### [WORK TASK]
Pictures are to be left out; everything else in the records must be repeated exactly.

# # # # # # #

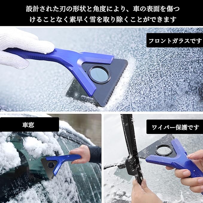 車スノースクレーパー アイススクレーパー 車用雪かき 霜取りへら ABS 滑り止めハンドル 小型便利 高性能 軽量 雪 結氷 除去用具 車雪落とし ボディフロントガラス用 冷凍庫用 霜取りツール ウインターグッズ(青)
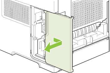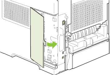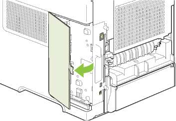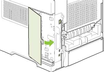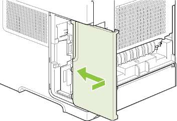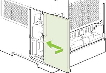 7. Установите правую боковую панель на место. Выровняйте выступы на панели с отверстиями в устройстве и задвиньте панель по направлению к передней части устройства до щелчка.
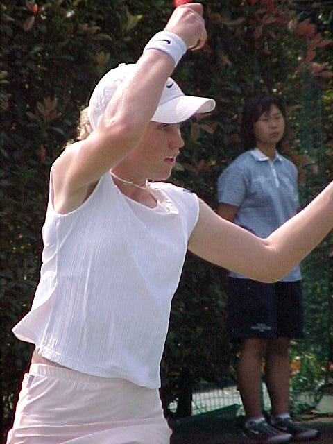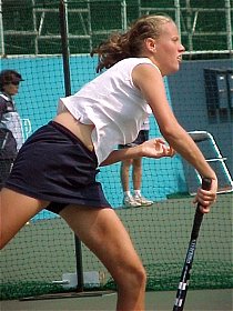 チェコの17歳、ダニエラ・ベダノワ。どこかで見たことがあると思ったら、昨年のスーパージュニア優勝者だ。すでにジュニアは卒業、からだは細いがストロークはしっかりしている。上に上がっていくのは間違いない。
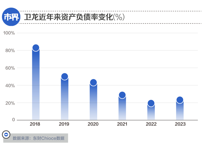虽然在营收上,卫龙似乎触及了天花板,多年营收徘徊在48亿元左右,但也不可否认,辣条确实很赚钱。根据弗若斯特沙利文的资料,2021年中国休闲食品行业平均净利率为10%左右,而卫龙净利率多年超过17%。因此,卫龙账面资金很充足。截至2023年6月底,卫龙现金及现金等价物、交易性金融资产分别为7.74亿元与2.06亿元,初始期限为三个月以上的定期存款(一年内)为18亿元,一年以上定期存款21.3亿元,四类“真金白银”合计达到49.12亿元,占总资产的比例达到67.78%。即便刨除2022年卫龙通过IPO所获得的8亿元募资净额外,其资产占比也达到了57%。要知道,卫龙目前的总负债不过17.22亿元,且没有有息借款,仅一年内到期的定期存款,就可以覆盖。自卫龙披露数据以来,其资产负债率就呈现下滑趋势,从2018年的84.2%,降至2022年的20.29%,今年上半年,这个数字虽有小幅增加,但也不过23.76%。而作为A股“零食三巨头”的良品铺子、盐津铺子和三只松鼠,同期的资产负债率分别为47.66%、50.47%和35.96%,均远高于卫龙。
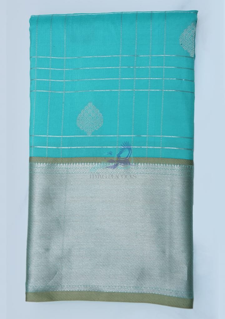 This Pure Silk Blue Saree with Check Small Butta Work embodies a unique blend of tradition and sophistication. The bold blue body, adorned with intricate check and small butta patterns, adds depth and elegance to your look, making it an exquisite choice for weddings, celebrations, or formal gatherings. Crafted for those with a refined taste, this saree promises unmatched grace in every drape.
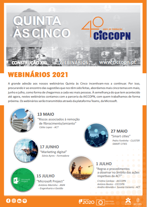 O Ciclo de Webinários 2021 que o CICCOPN, em parceria com a AICCOPN, tem vindo a promover, termina no próximo dia 15 de julho, às 17 h, com o tema "MS PROJECT", que conta com a apresentação de António Marinho da AM4 – Engenharia e Gestão.
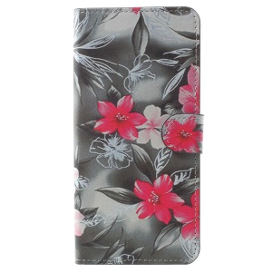 $2.04 Pattern Printing Leather Wallet Phone Case with Stand for Samsung Galaxy A8 Plus (2018) - Red Flower#1229717
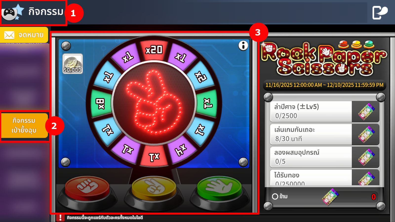 1. ผู้เล่นสามารถรวบรวม ตั๋วเป่ายิ้งฉุบ โดยการทำภารกิจที่กำหนด:
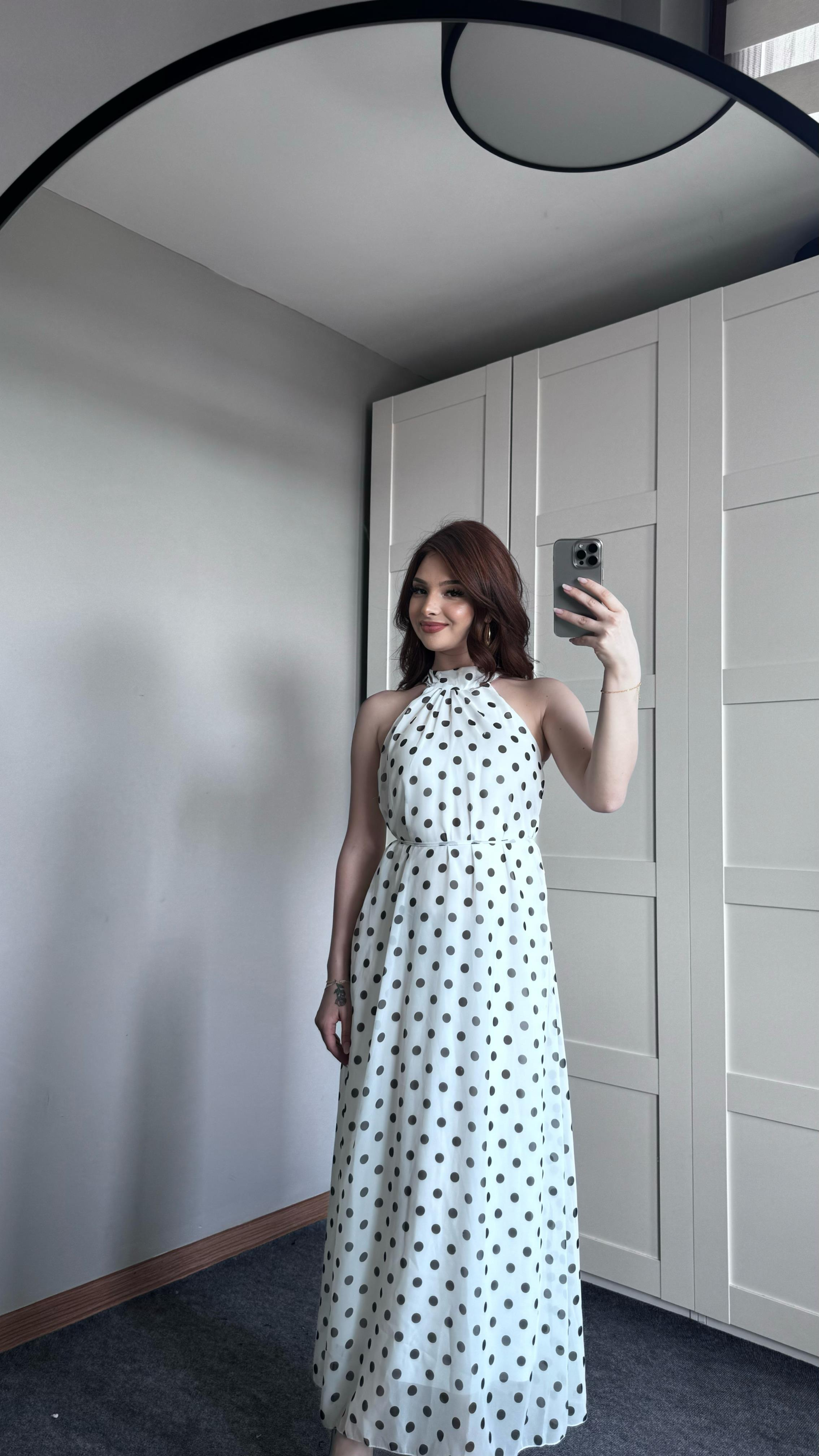 Puantiyeli 90's Boyun Detaylı Beyaz Elbise
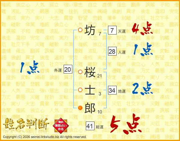 坊桜士郎さんの総運は41画の5点!
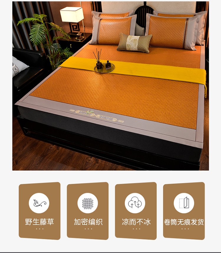 (总)小牛席业2023新款小苍兰清香冰藤席系列凉席竹席冰丝席乳胶席,黑咖,金色,绿色,浅蓝,香槟,银灰
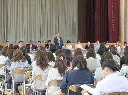 PTA総会終了後、1年生は防災講話、2年生は学級懇談会、3年生は、就職進学の進路ごとに説明会が行われました。
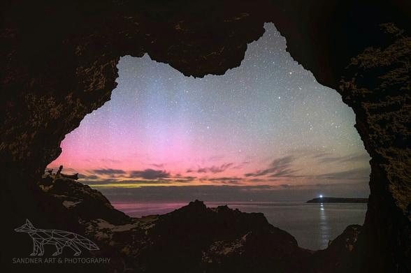 A glow of pink and violet aurora drifts across the night sky, framed perfectly by the silhouette of the cave opening and the quiet sea beyond
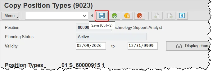 Note: The user has the option to create, copy, or change an Infotype 9023 – Position Types record.
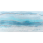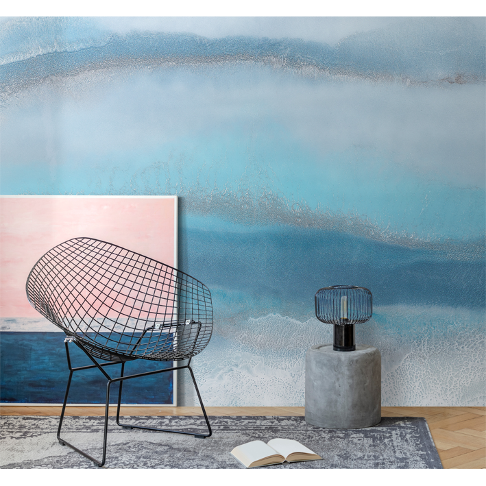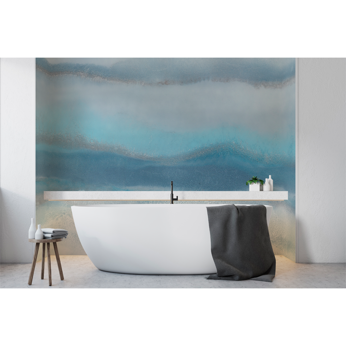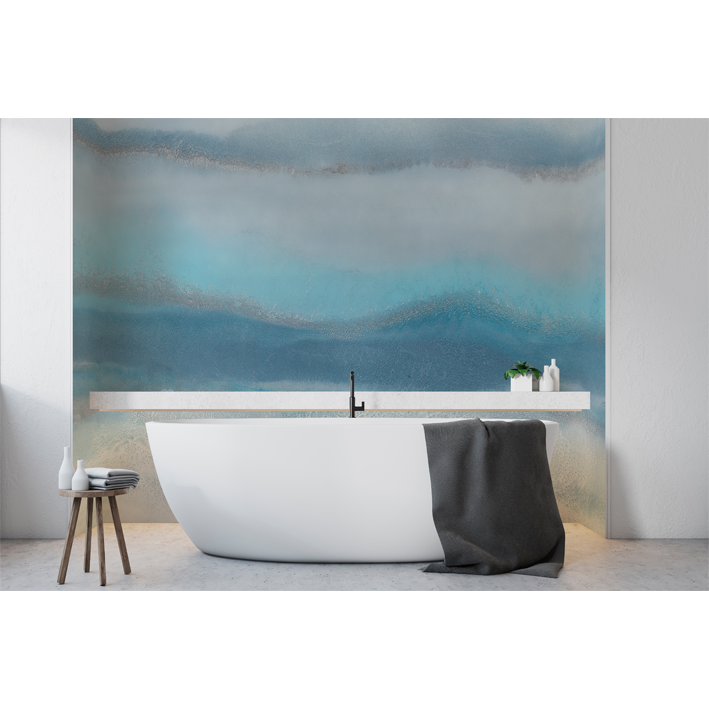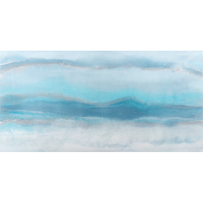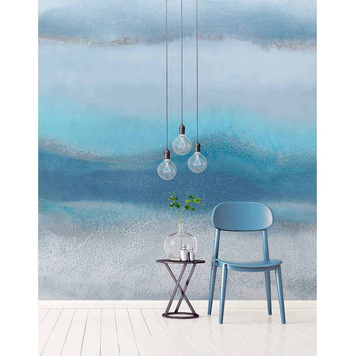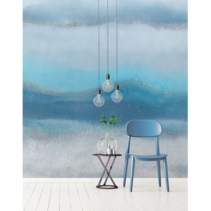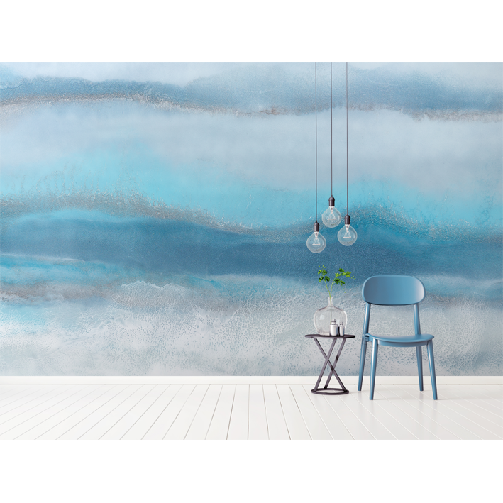 This modern, glossy, seascape wallpaper mural, originally painted as a resin artwork layered with soft blue hues and silver metallic pigments. Shimmering iridescent mica powder was added to the original artwork to create a hint of sparkle in the foamy white waves. A cool toned color palette was used to create this serene, multi-dimensional seascape.

# # # # # # #

### [SOLUTION]
 車スノースクレーパー アイススクレーパー 車用雪かき 霜取りへら ABS 滑り止めハンドル 小型便利 高性能 軽量 雪 結氷 除去用具 車雪落とし ボディフロントガラス用 冷凍庫用 霜取りツール ウインターグッズ(青)
 7. Установите правую боковую панель на место. Выровняйте выступы на панели с отверстиями в устройстве и задвиньте панель по направлению к передней части устройства до щелчка.
 チェコの17歳、ダニエラ・ベダノワ。どこかで見たことがあると思ったら、昨年のスーパージュニア優勝者だ。すでにジュニアは卒業、からだは細いがストロークはしっかりしている。上に上がっていくのは間違いない。
虽然在营收上,卫龙似乎触及了天花板,多年营收徘徊在48亿元左右,但也不可否认,辣条确实很赚钱。根据弗若斯特沙利文的资料,2021年中国休闲食品行业平均净利率为10%左右,而卫龙净利率多年超过17%。因此,卫龙账面资金很充足。截至2023年6月底,卫龙现金及现金等价物、交易性金融资产分别为7.74亿元与2.06亿元,初始期限为三个月以上的定期存款(一年内)为18亿元,一年以上定期存款21.3亿元,四类“真金白银”合计达到49.12亿元,占总资产的比例达到67.78%。即便刨除2022年卫龙通过IPO所获得的8亿元募资净额外,其资产占比也达到了57%。要知道,卫龙目前的总负债不过17.22亿元,且没有有息借款,仅一年内到期的定期存款,就可以覆盖。自卫龙披露数据以来,其资产负债率就呈现下滑趋势,从2018年的84.2%,降至2022年的20.29%,今年上半年,这个数字虽有小幅增加,但也不过23.76%。而作为A股“零食三巨头”的良品铺子、盐津铺子和三只松鼠,同期的资产负债率分别为47.66%、50.47%和35.96%,均远高于卫龙。
 This Pure Silk Blue Saree with Check Small Butta Work embodies a unique blend of tradition and sophistication. The bold blue body, adorned with intricate check and small butta patterns, adds depth and elegance to your look, making it an exquisite choice for weddings, celebrations, or formal gatherings. Crafted for those with a refined taste, this saree promises unmatched grace in every drape.
 O Ciclo de Webinários 2021 que o CICCOPN, em parceria com a AICCOPN, tem vindo a promover, termina no próximo dia 15 de julho, às 17 h, com o tema "MS PROJECT", que conta com a apresentação de António Marinho da AM4 – Engenharia e Gestão.
 $2.04 Pattern Printing Leather Wallet Phone Case with Stand for Samsung Galaxy A8 Plus (2018) - Red Flower#1229717
 1. ผู้เล่นสามารถรวบรวม ตั๋วเป่ายิ้งฉุบ โดยการทำภารกิจที่กำหนด:
 Puantiyeli 90's Boyun Detaylı Beyaz Elbise
 坊桜士郎さんの総運は41画の5点!
 (总)小牛席业2023新款小苍兰清香冰藤席系列凉席竹席冰丝席乳胶席,黑咖,金色,绿色,浅蓝,香槟,银灰
 PTA総会終了後、1年生は防災講話、2年生は学級懇談会、3年生は、就職進学の進路ごとに説明会が行われました。
 A glow of pink and violet aurora drifts across the night sky, framed perfectly by the silhouette of the cave opening and the quiet sea beyond
 Note: The user has the option to create, copy, or change an Infotype 9023 – Position Types record.
 This modern, glossy, seascape wallpaper mural, originally painted as a resin artwork layered with soft blue hues and silver metallic pigments. Shimmering iridescent mica powder was added to the original artwork to create a hint of sparkle in the foamy white waves. A cool toned color palette was used to create this serene, multi-dimensional seascape.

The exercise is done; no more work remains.